Data listing:
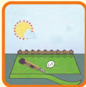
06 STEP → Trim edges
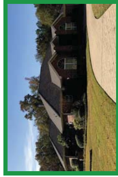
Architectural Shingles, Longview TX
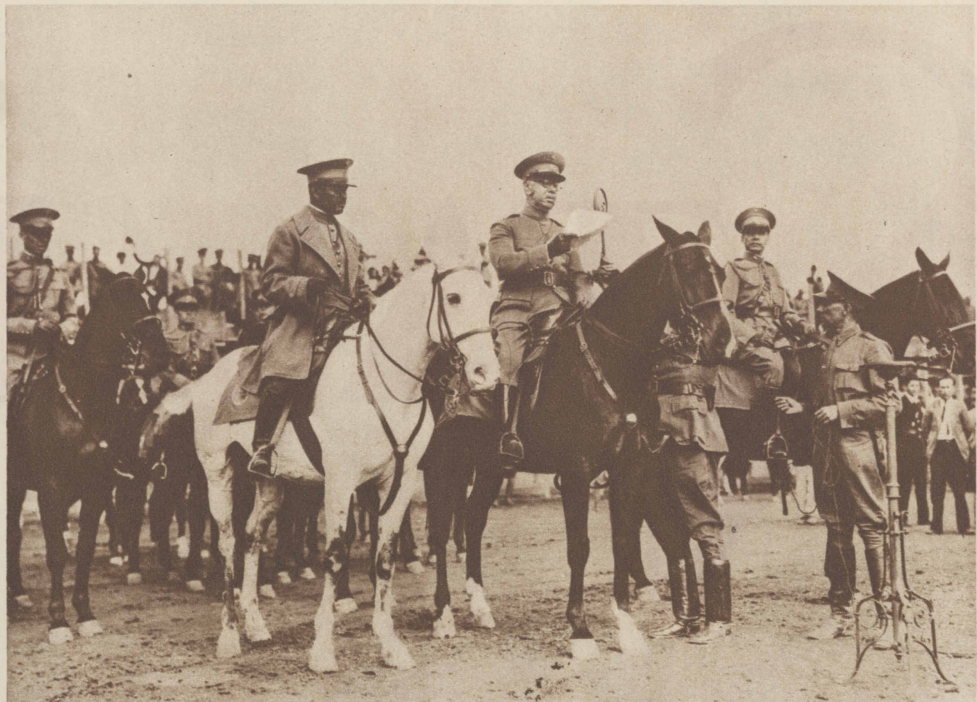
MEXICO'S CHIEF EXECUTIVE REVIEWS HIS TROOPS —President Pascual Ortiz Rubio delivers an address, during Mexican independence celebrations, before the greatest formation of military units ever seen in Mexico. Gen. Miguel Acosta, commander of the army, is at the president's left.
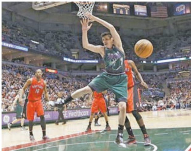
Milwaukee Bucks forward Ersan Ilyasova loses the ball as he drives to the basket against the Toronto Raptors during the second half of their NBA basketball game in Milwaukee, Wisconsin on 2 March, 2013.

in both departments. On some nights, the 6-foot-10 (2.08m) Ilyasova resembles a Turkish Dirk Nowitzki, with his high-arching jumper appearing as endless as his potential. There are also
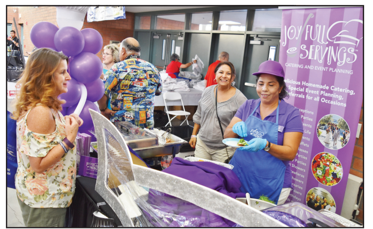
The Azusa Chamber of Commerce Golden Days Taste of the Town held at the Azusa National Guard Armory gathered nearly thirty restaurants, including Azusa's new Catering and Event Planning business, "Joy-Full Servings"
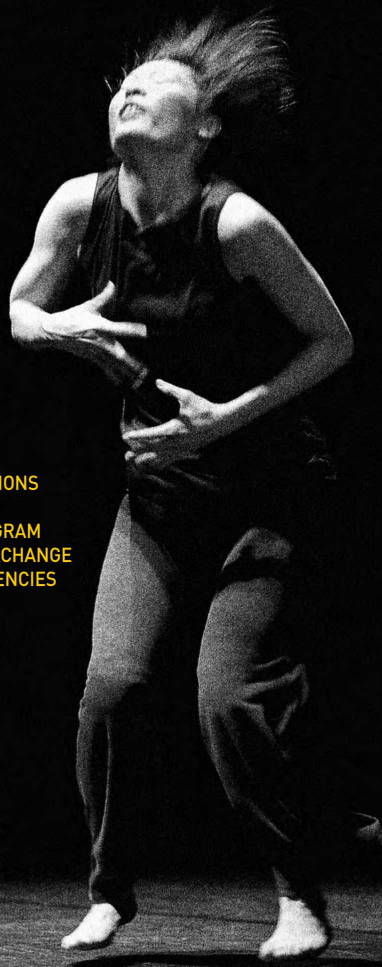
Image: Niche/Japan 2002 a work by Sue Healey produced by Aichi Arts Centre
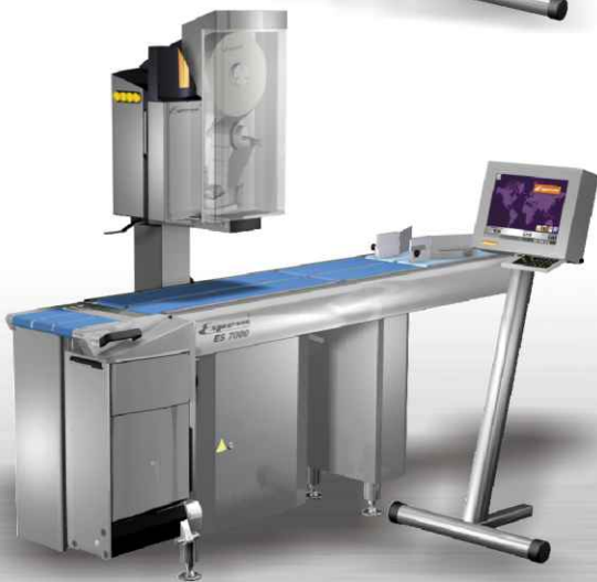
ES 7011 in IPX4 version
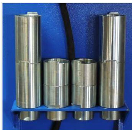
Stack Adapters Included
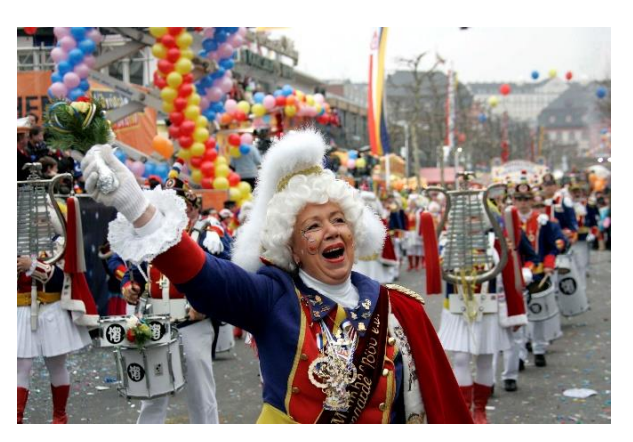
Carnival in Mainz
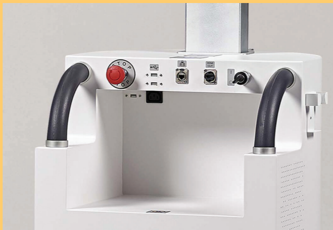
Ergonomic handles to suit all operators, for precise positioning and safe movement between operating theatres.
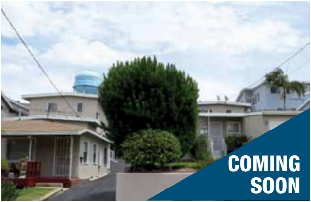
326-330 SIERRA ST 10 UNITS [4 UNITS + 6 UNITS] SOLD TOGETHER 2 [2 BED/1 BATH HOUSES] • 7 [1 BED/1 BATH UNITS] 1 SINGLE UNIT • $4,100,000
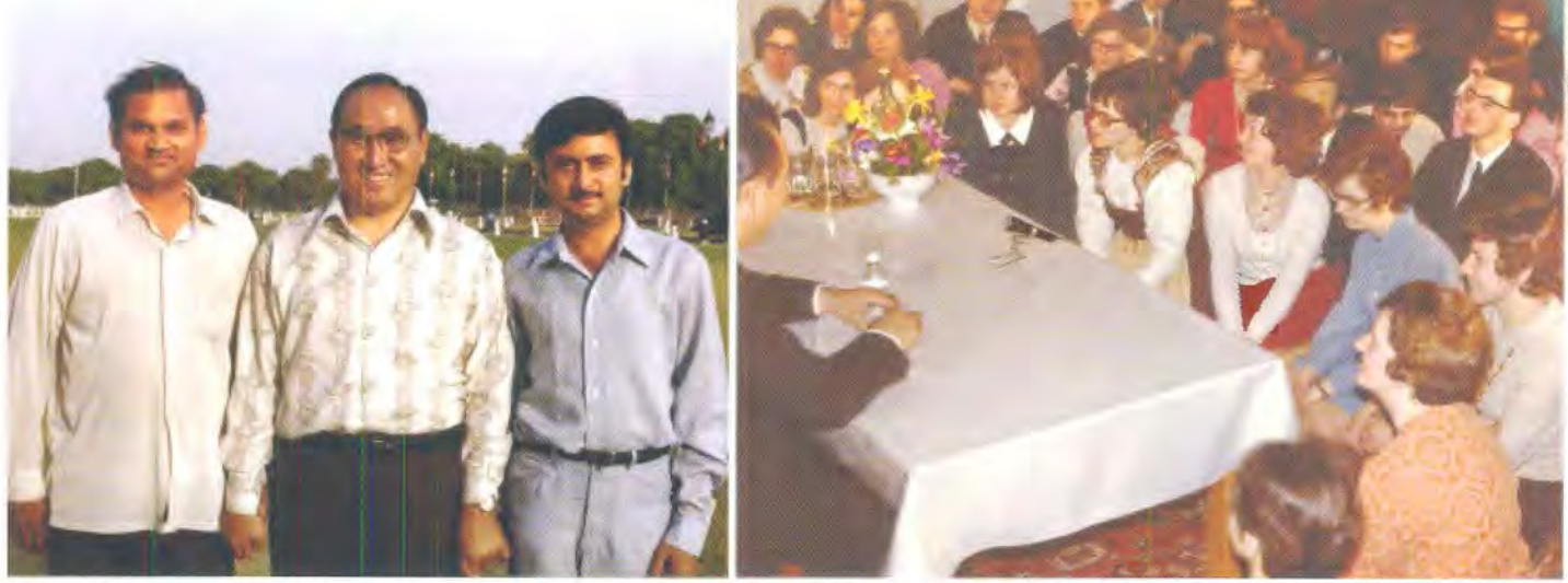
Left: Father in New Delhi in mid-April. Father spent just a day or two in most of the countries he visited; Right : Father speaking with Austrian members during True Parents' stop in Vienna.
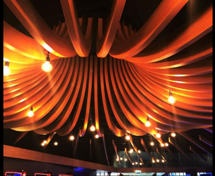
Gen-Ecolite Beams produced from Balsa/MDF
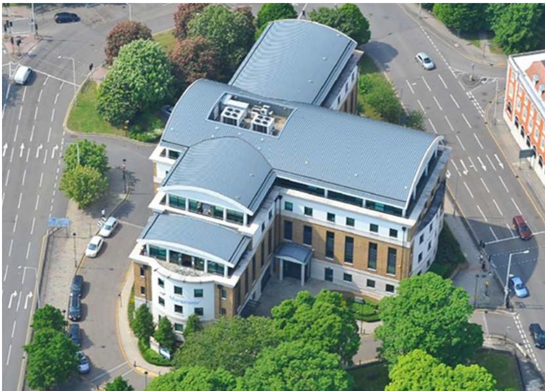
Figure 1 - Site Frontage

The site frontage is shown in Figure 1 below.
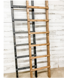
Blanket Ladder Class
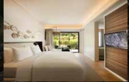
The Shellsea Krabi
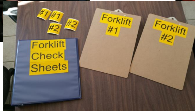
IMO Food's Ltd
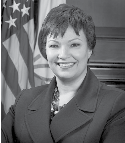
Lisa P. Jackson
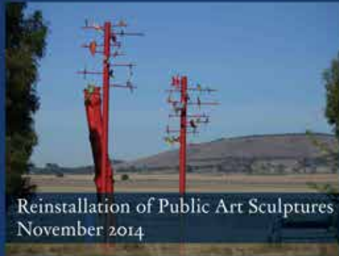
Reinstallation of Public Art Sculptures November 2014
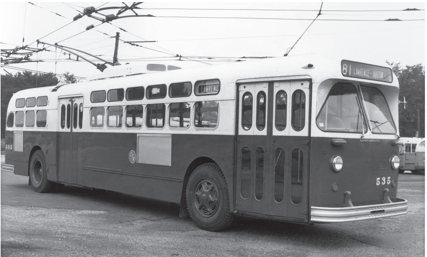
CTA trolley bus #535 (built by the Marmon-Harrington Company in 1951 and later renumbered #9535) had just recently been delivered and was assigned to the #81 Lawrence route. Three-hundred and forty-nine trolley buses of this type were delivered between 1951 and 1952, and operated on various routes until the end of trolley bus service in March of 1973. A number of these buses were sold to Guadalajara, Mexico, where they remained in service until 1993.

What to do:
Of the lines above, quote exactly those from the one with "Lisa P. Jackson" through the one with "Reinstallation of Public", ends included; pictures stay out.

Answer to the exercise:
Lisa P. Jackson
Reinstallation of Public Art Sculptures November 2014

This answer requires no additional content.